|On a similar note, what does this (legal Haskell 98) definition mean?
|
| (((+) + 1) + 1) 1 = (+)
|
|That's right!
|
| (+) :: (Integral a, Num b, Num c) => a -> b -> c -> a
I was about to ask you to explain this, but in writing this email,
I've worked it out.. :-)
decl -> gendecl
| (funlhs | pat0) rhs
funlhs -> var apat {apat }
| pati+1 varop(a,i) pati+1
| lpati varop(l,i) pati+1
| pati+1 varop(r,i) rpati
| ( funlhs ) apat {apat }
We have: "(((+) + 1) + 1)" then "1", so we can't have <pat0>, so it
must be <funlhs>. There are only two terms, and the first is not
<var> so it must be <(funlhs) apat>. For "((+) + 1) + 1" to be
<funlhs>, the third "+" must be a <varop> as it cannot be an <apat>
(it would have to have brackets around it).

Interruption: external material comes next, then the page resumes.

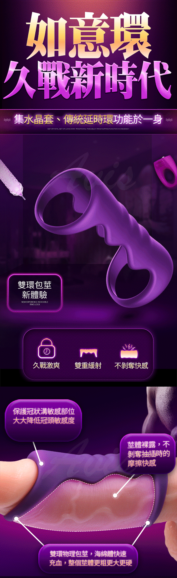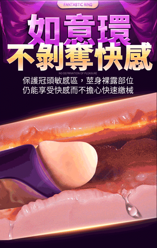 如意環設計保護冠狀溝敏感部位大大降低龜頭敏感度,莖體裸露不剝奪抽插時的摩擦快感,柔軟矽膠舒適耐用。可全身水洗讓您可以在沐浴時與伴侶自由享用,隨時滿足您的愛慾喔

So, "((+) + 1)" is a
<pat>, and thus "(+)" is <var>. Therefore, "(+)" is acting as an
integer here.
But then, to what does the "(+)" on the rhs refer? This is similar
to:
f f = f
which was on the list a while back IIRC, and defines the identity
according to Hugs (I'm not sure if this is dictated by the language
report or not). By analogy then, the equation:
(((+) + 1) + 1) 1 = (+)
defines a function (+) that takes an integer N, and two further
elements of Num, and if these elements are both 1 then it returns N-1.
Correct? :-)
There, that only took about an hour... ;-)
Graeme.